## Data provided
----

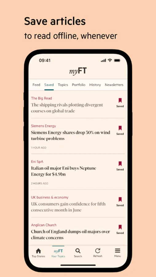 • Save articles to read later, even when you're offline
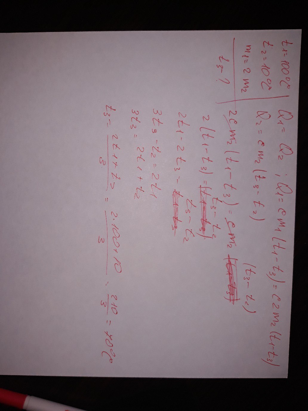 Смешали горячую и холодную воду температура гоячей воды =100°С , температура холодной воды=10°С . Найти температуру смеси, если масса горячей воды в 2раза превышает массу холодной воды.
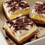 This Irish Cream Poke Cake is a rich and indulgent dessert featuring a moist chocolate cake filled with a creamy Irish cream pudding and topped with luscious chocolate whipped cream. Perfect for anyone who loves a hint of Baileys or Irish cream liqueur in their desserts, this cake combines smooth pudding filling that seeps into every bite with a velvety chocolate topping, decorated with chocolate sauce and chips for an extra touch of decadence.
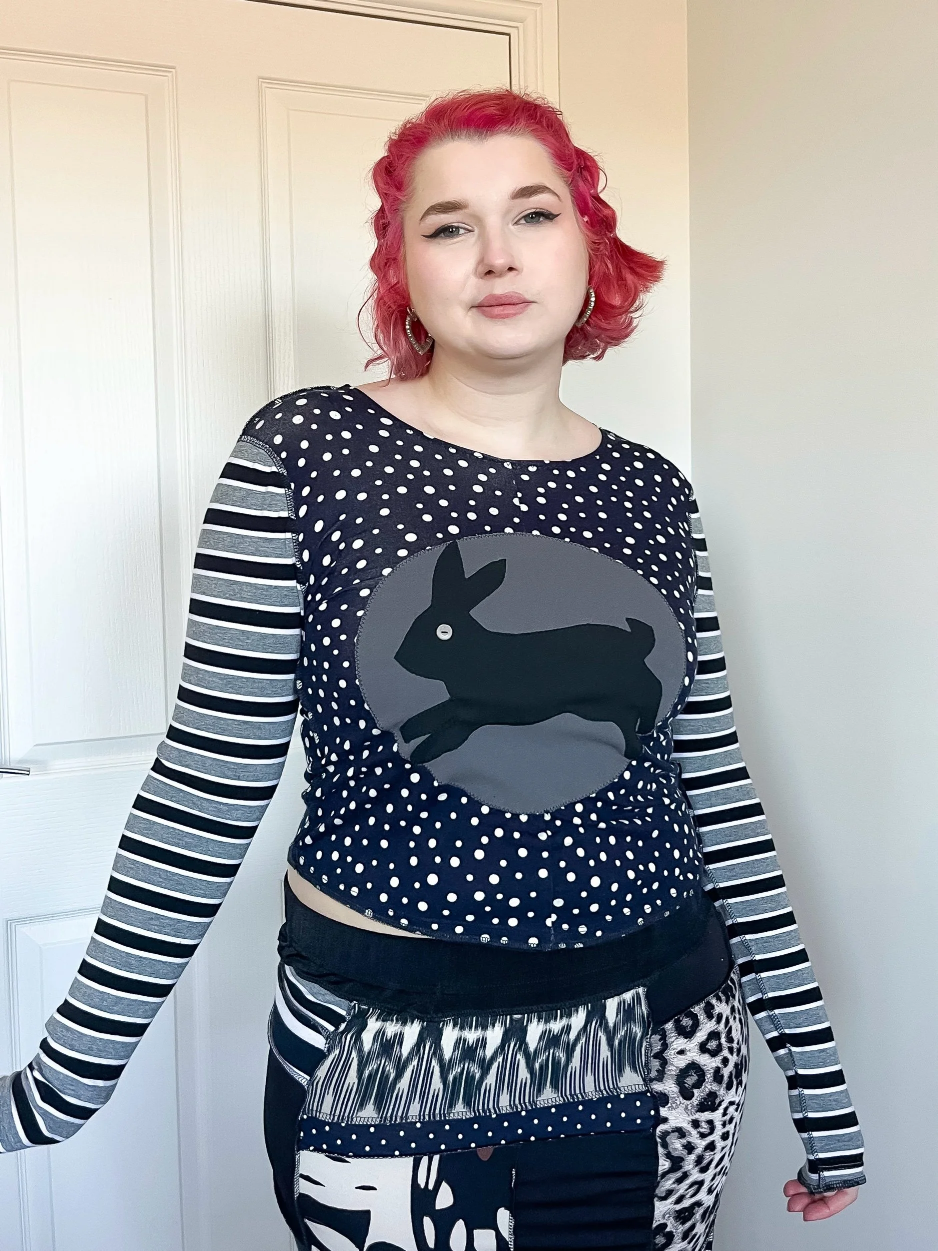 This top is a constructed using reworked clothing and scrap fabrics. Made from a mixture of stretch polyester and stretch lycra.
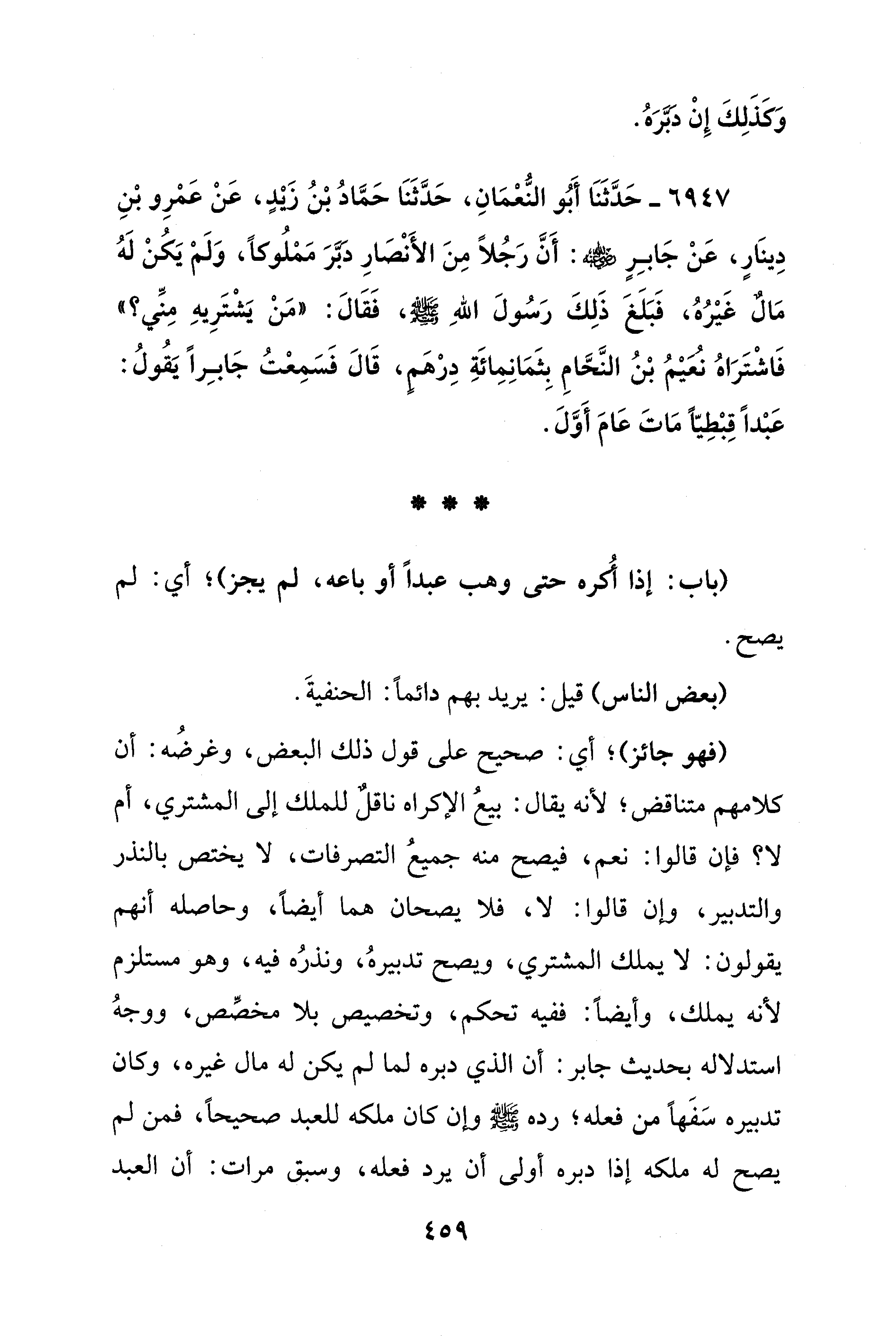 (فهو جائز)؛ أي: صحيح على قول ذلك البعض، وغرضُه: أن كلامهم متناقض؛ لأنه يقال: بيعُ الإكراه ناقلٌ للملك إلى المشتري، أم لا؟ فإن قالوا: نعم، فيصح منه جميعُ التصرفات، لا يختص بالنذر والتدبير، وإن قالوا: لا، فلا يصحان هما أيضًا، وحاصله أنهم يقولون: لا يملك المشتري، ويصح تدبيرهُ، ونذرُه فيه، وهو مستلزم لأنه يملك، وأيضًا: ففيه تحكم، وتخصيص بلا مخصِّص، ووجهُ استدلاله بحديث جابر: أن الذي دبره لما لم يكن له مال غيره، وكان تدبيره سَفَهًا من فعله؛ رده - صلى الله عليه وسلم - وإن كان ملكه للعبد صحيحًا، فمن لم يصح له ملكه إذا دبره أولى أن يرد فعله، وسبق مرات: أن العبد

----

## How to complete this task
The lines to repeat run from the line containing "Смешали горячую и" through the last line of the material above; give them exactly, without the pictures.

## Response for this exercise
 Смешали горячую и холодную воду температура гоячей воды =100°С , температура холодной воды=10°С . Найти температуру смеси, если масса горячей воды в 2раза превышает массу холодной воды.
 This Irish Cream Poke Cake is a rich and indulgent dessert featuring a moist chocolate cake filled with a creamy Irish cream pudding and topped with luscious chocolate whipped cream. Perfect for anyone who loves a hint of Baileys or Irish cream liqueur in their desserts, this cake combines smooth pudding filling that seeps into every bite with a velvety chocolate topping, decorated with chocolate sauce and chips for an extra touch of decadence.
 This top is a constructed using reworked clothing and scrap fabrics. Made from a mixture of stretch polyester and stretch lycra.
 (فهو جائز)؛ أي: صحيح على قول ذلك البعض، وغرضُه: أن كلامهم متناقض؛ لأنه يقال: بيعُ الإكراه ناقلٌ للملك إلى المشتري، أم لا؟ فإن قالوا: نعم، فيصح منه جميعُ التصرفات، لا يختص بالنذر والتدبير، وإن قالوا: لا، فلا يصحان هما أيضًا، وحاصله أنهم يقولون: لا يملك المشتري، ويصح تدبيرهُ، ونذرُه فيه، وهو مستلزم لأنه يملك، وأيضًا: ففيه تحكم، وتخصيص بلا مخصِّص، ووجهُ استدلاله بحديث جابر: أن الذي دبره لما لم يكن له مال غيره، وكان تدبيره سَفَهًا من فعله؛ رده - صلى الله عليه وسلم - وإن كان ملكه للعبد صحيحًا، فمن لم يصح له ملكه إذا دبره أولى أن يرد فعله، وسبق مرات: أن العبد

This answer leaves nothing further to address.